Physische Umwelteinflüsse sind Stoffe, Reize und Kräfte„ die vom Psychologen und Farbenspezialisten Kurt Görsdorf ("Arbeitsfreude - Leistungsanstieg", 1958; "Arbeitsumweltgestaltung", 1962) in den Kapiteln "Die optischen Erscheinungen", "Wärme", "Der Schall und die Materialien", "Die Gegenständlichkeit", "Die Zuständlichkeit", "Beweglichkeit und Gespanntheit" untersucht werden.

 

Hernach rückt er den Menschen als Empfindungswesen ins Zentrum und kommt zum Schluss:

"Das Ziel der konkreten Umweltgestaltung kann es daher nur sein, die physikalische Umgebung unter bewusster Einbeziehung der leiblichen Funktionen auf die Empfindungswirklichkeit abzustimmen."

 

Empfindungen nun sind "psycho-physische Regulatoren" die "neben dem Nerven-, Kreislauf- Stoffwechsel-, Muskel-, Drüsen- und Sinnessystem als Habitus unsichtbar den Menschen" umkleiden und damit die Brücke zwischen Körperlichem und Seelischem schlagen. Anlässe zur Empfindungsregung können Umweltreize (Sinnesempfindungen), Körperreize (eigenkörperliche Empfindungen) sowie Triebe, Strebungen und Gemütsbewegungen (Zentralempfindungen) sein.

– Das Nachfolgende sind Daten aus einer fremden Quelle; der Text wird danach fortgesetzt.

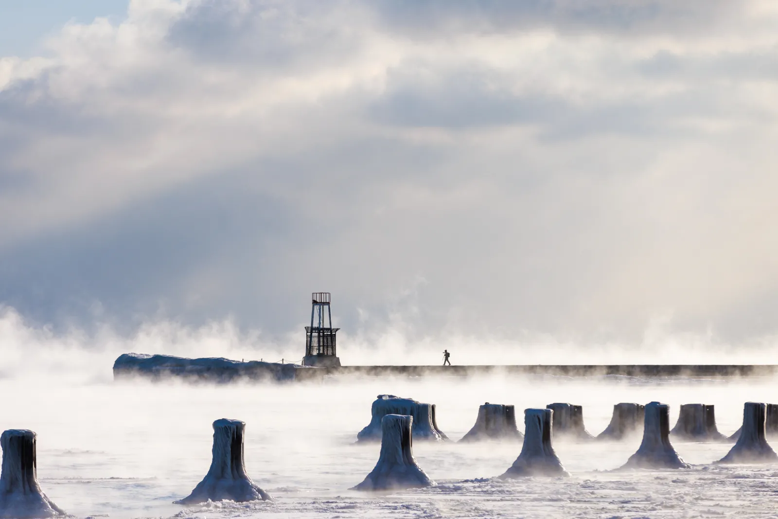 A person is silhouetted in cold steam from Lake Michigan on North Ave Beach in Chicago on Tuesday, January 21, 2025. The temperature is -4 degrees fahrenheit with a wind chill of -19 degrees.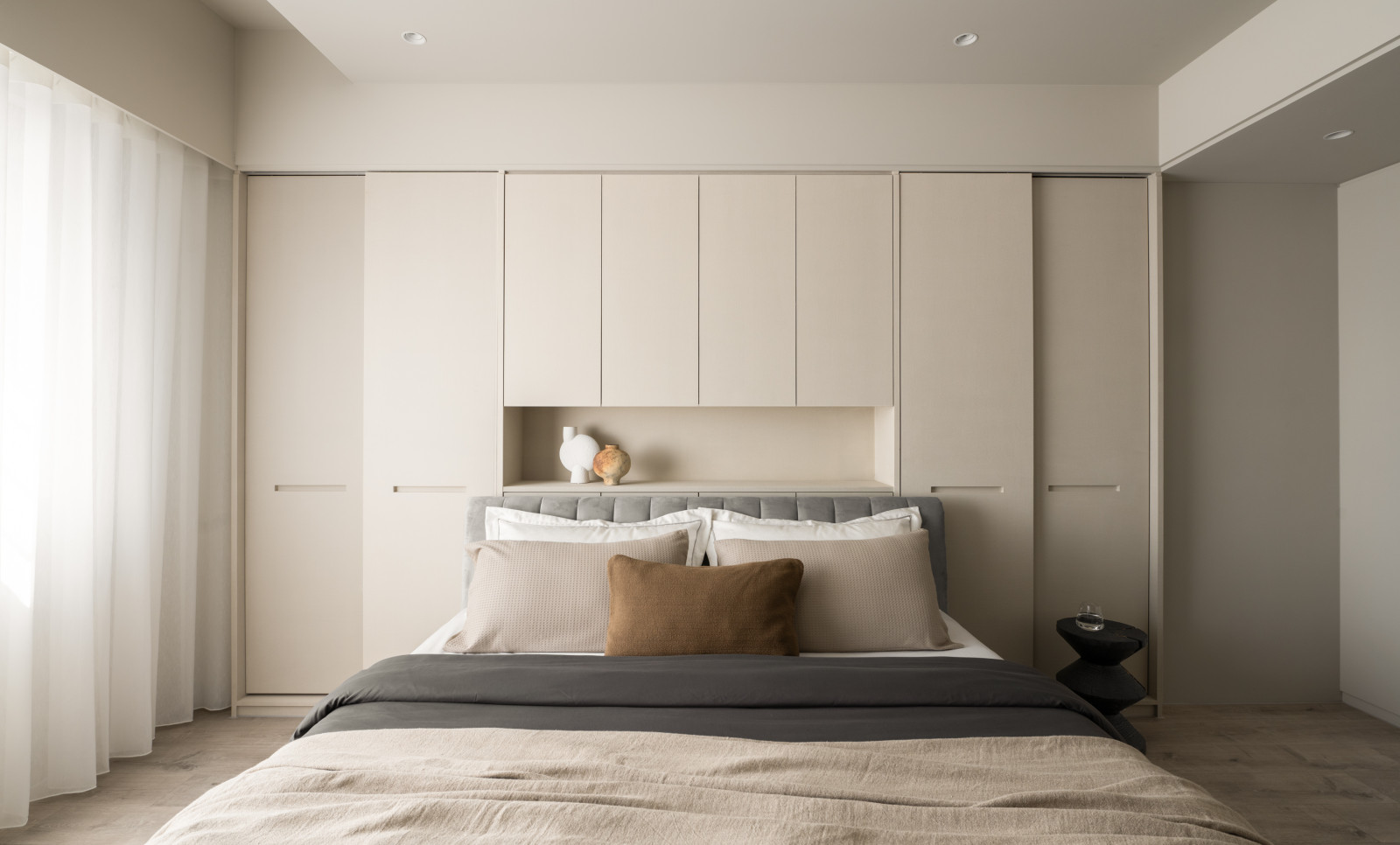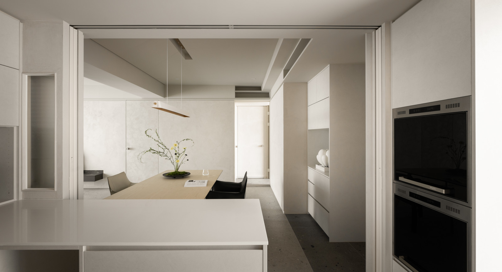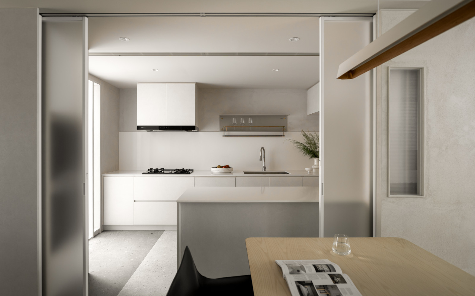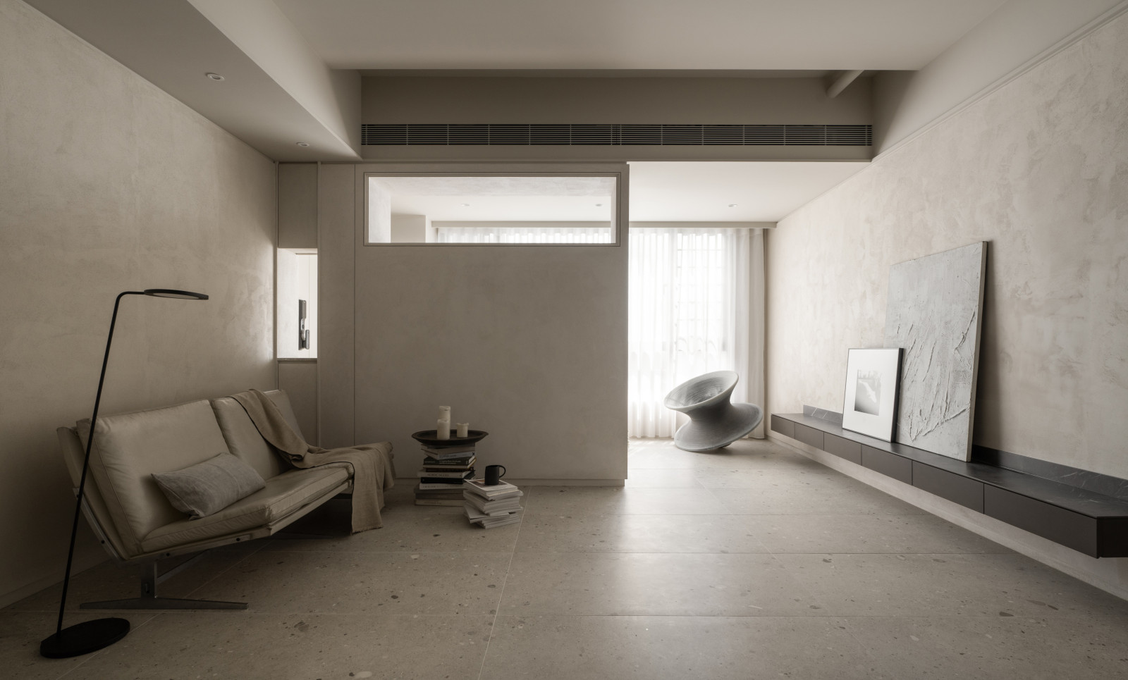 This 20-year-old top-floor apartment is transformed through the interplay of light, materials, and thoughtful spatial planning to create a serene and comfortable living environment. At the entrance, built-in cabinetry features asymmetrical openings that filter sunlight, softening heat and visual exposure—marking the beginning of the light’s journey. Textured artistic wall finishes and earth-toned wooden flooring enhance spatial depth and warmth.The semi-open layout connects the living room and kitchen-dining area, where a central island extends into the dining table, forming a continuous visual axis. A frosted sliding door between the kitchen and dining area allows light to pass while maintaining privacy, creating a calm and gentle atmosphere. Adjacent to the kitchen, the husband’s study is designed as a quiet, independent workspace. In the master bedroom, sliding door elements reappear on the TV wall, which, along with the headboard wall, integrates ample storage. Through refined materials, layered lighting, and functional zoning, this renovated apartment elevates quality of life—gently embracing natural light and emotional calm.

Werden Gedanken, Gefühle und Willensregungen von Empfindungen begleitet, spricht man von psychischen Empfindungen; werden Anregungen von Mitmenschen empfangen, kann man von mitmenschlichen Empfindungen sprechen.

 

Weitere Kapitel dieses ungemein dichten und eigenwilligen Buches befassen sich mit der sozialen Rolle, der Ambivalenz der Empfindungen, den Synästhesien und der Prägnanz, sodann mit den acht Komponenten und vier Varianten der Empfindungen. Den Kapiteln über abstrakte und konkrete Gestaltung sowie bio- und ethnozentrische Umweltbereiche schliessen sich vier Kapitel "Anwendungsbeispiele" an, und zwar betreffen sie Produkte, Grosstädte, Altenheime und Büros.

 

Görsdorf hat in 20 Jahren ein-reichhaltiges Material zusammengetragen, das er mit vielen Schemata in eine Ordnung überzuführen trachtet. Ob es ihm gelungen ist, müsste ein minutiöses Studium seines Buches erweisen. Dessen „Aufforderungscharakter" regt leider nicht dazu an. Sicher ermangelt es nicht nur begrifflicher Klarheit; vielleicht fehlen auch tiefe Durchdringung dieser so überaus komplexen Materie, vielleicht auch die Berücksichtigung der neuesten. Entwicklungen und Zeiterscheinungen.